Aujourd’hui, Nehat Gashi travaille sur le chantier d’un immeuble de cinq étages à Prilly, la banlieue industrielle de Lausanne. Les fondations sont achevées mais il manque du monde et il s’active pour terminer le radier dans les délais.
Il explique à swissinfo: «Les fers sont très longs, très lourds, très difficiles à couper et tout le travail se fait à la main. Et puis il faut passer d’un chantier à l’autre sans faire attendre les maçons, c’est le stress.»
Pour les papiers, le Kosovar a eu des démêlés avec la police des étrangers qui lui ont fait attendre dix ans avant de recevoir le précieux permis B. Il n’a pas demandé le statut de réfugié par peur de ne plus pouvoir rentrer chez lui.
Pour les mêmes raisons et malgré la guerre, moins de 10% des ressortissants d’ex-Yougoslavie sont venus en Suisse en tant que demandeurs d’asile depuis 1988.
«Tout cela, c’est très dur, je ne peux pas vous le dire mieux. J’aimerais bien rentrer mais je ne le vois pas avant longtemps. Je suis très pessimiste pour mon pays, mais il faut être dynamique et avoir du courage. C’est mon cas…», conclut-il à voix basse.
Beqir Beqa le comptable
Comme Nehat Gashi, son comptable, Beqir Beqa, a deux enfants nés en Suisse, comme 82’500 autres jeunes Kosovars. Lui aussi, il sait que plus le temps passe, plus le retour au pays est hypothétique.
Il avait 26 ans quand il s’est enfui, après deux séjours en prison pour raisons politiques. Il a ensuite réussi à faire sortir sa femme de prison, et à la faire passer en Suisse, où elle a accouché une semaine après son arrivée.
A Lausanne, il a terminé ses études d’économie et passé un master. Puis, dans l’impossibilité de trouver du travail après trois ans de recherche, il a ouvert sa fiduciaire.
«Aujourd’hui, je suis content, les affaires marchent bien, ma femme travaille comme laborantine, on est bien installés.» Sa clientèle est composée essentiellement de compatriotes, comme Nehat Gashi.
«Je les aide aussi par exemple à comprendre ce que c’est qu’une facture ou un bulletin de versement. Tout ça n’existe pas chez nous et j’ai eu moi-même beaucoup de mal au début, alors vous imaginez pour quelqu’un qui n’a pas été à l’école!», raconte-t-il à swissinfo.
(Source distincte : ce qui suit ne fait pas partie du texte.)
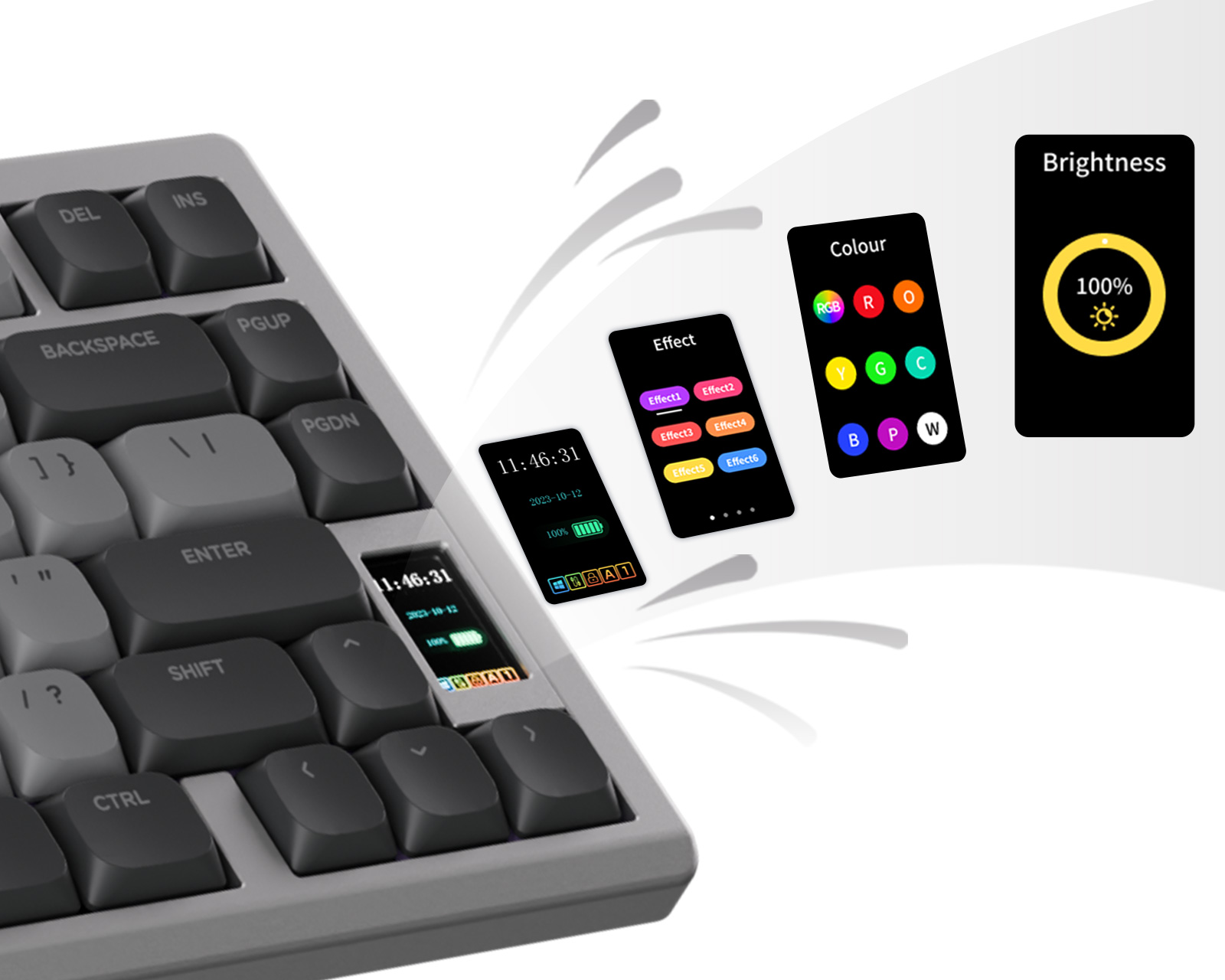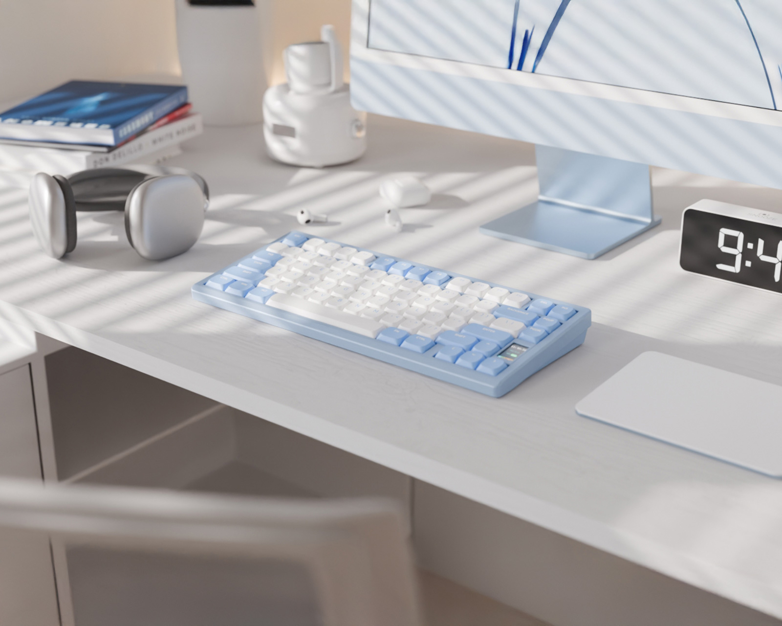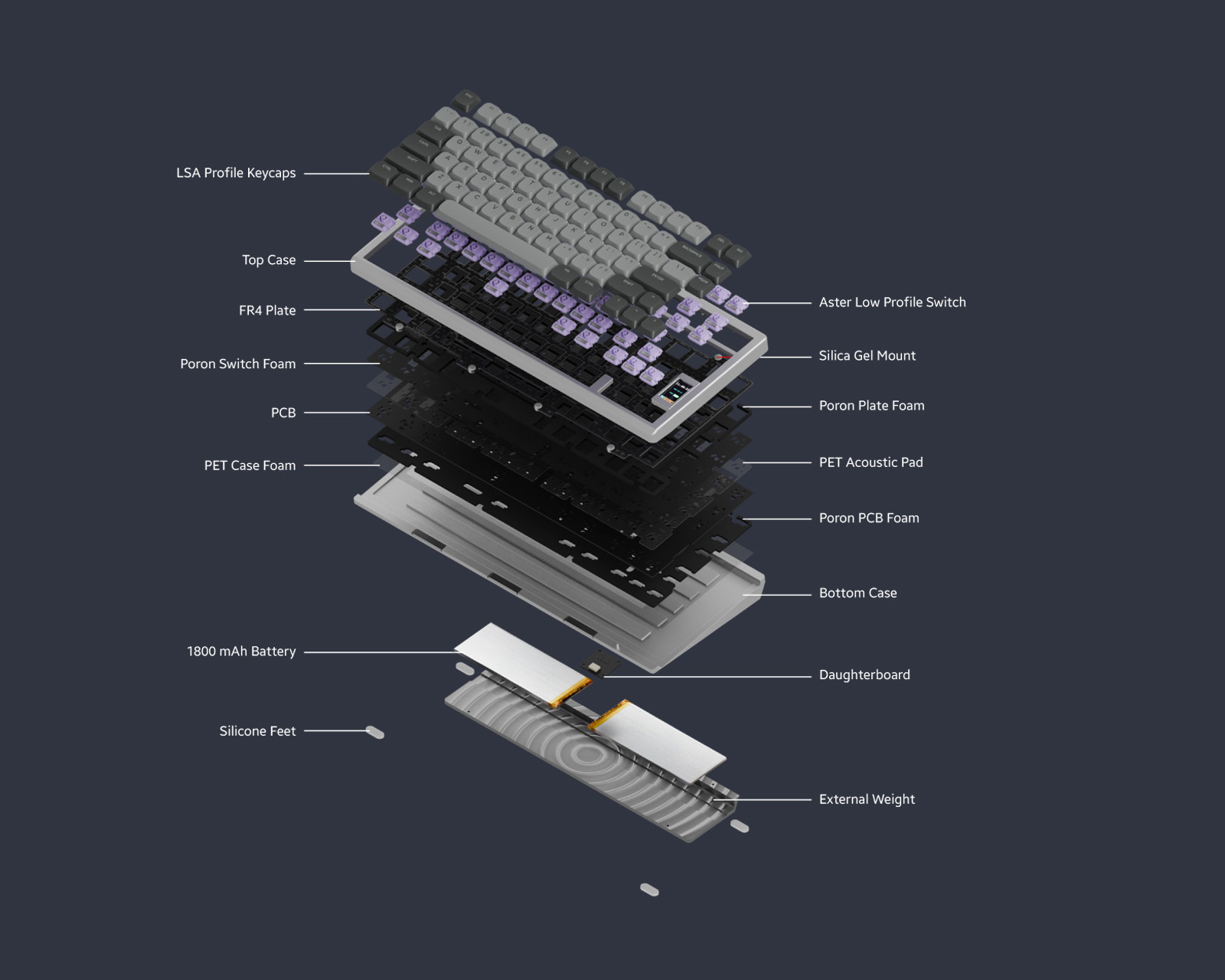 DEMO: Repurchase and test copy. Good condition.Experience the world's first low-profile keyboard with a CNC-machined aluminum chassis, magnetic mounting structure, vibrant colors, and an LCD display. The ND75 LP is beginner-friendly, coming pre-assembled with durable double-shot PBT keycaps and low-profile switches for a stylish typing experience. Its 1.2mm tri-mode PCB and dual 1800mAh batteries provide flexibility both at home and on the go.

Les ex-Yougoslaves sont les plus nombreux à demander leur naturalisation. En 2004, ils forment les 38% de l’ensemble des candidats au passeport à croix blanche.
Après seize ans en Suisse et des fils adolescents, songe-t-il à faire le pas lui aussi? «C’est tout à fait envisageable. Mais même si je devenais suisse, je n’oublierais pas mes origines. Je suis comme tous les autres qui espèrent rentrer mais n’y arrivent jamais…»
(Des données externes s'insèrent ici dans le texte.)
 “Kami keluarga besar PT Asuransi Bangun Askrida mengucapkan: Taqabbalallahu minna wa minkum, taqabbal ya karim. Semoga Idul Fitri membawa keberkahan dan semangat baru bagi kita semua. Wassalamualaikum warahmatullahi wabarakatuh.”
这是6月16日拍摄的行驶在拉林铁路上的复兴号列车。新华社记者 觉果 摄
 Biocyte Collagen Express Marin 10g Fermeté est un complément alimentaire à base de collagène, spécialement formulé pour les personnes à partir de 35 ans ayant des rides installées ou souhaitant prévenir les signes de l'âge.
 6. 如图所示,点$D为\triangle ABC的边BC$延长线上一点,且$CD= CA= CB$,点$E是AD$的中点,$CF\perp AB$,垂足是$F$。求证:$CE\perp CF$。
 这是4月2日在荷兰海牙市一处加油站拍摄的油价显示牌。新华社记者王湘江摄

swissinfo, Isabelle Eichenberger
La Suisse compte 360’000 ex-Yougoslaves, 1re communauté étrangère devant les Italiens (320’000).
Depuis 1988, seuls 27’707 sont venus comme requérants d’asile.
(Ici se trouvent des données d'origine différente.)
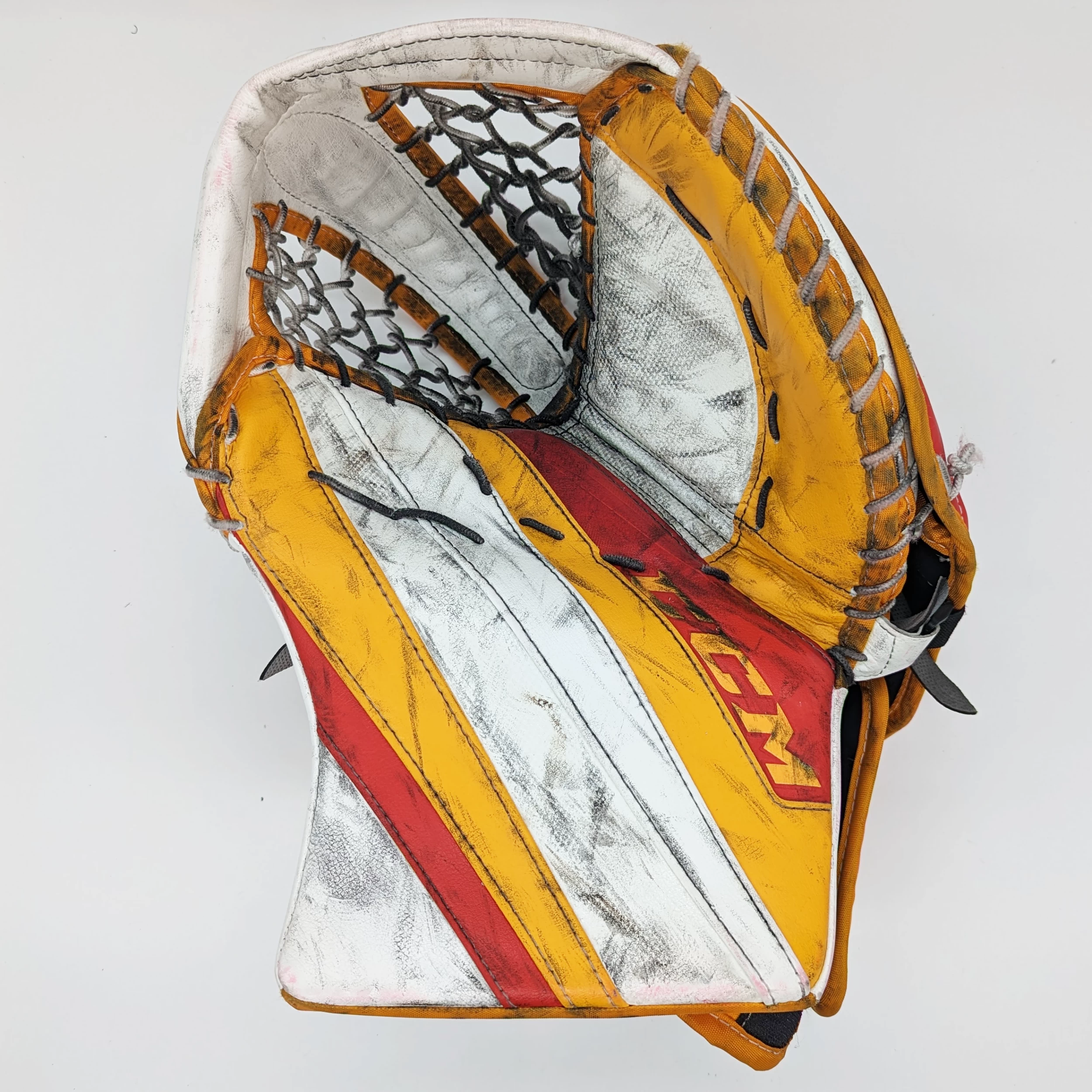 Used CCM Extreme Flex 5 regular goalie glove sourced from the Stockton Heat.Â

Ils sont les plus nombreux à se naturaliser, avec 38% du total des naturalisations en 2004.
En 2002, le statut de saisonnier a été aboli à la suite des Accords bilatéraux I passés avec l’UE.
– Nehat Gashi, 38 ans, a quitté le Kosovo en 1989 pour raisons politiques. Il est venu en Suisse et est devenu ferrailleur. En 2001, il a créé une Sarl à Lausanne et Fribourg et emploie 15 personnes.
– Beqir Beqa, 42 ans, a quitté le Kosovo en 1988 avec sa femme comme réfugié. Diplômé en économie, il a ouvert une fiduciaire à Lausanne.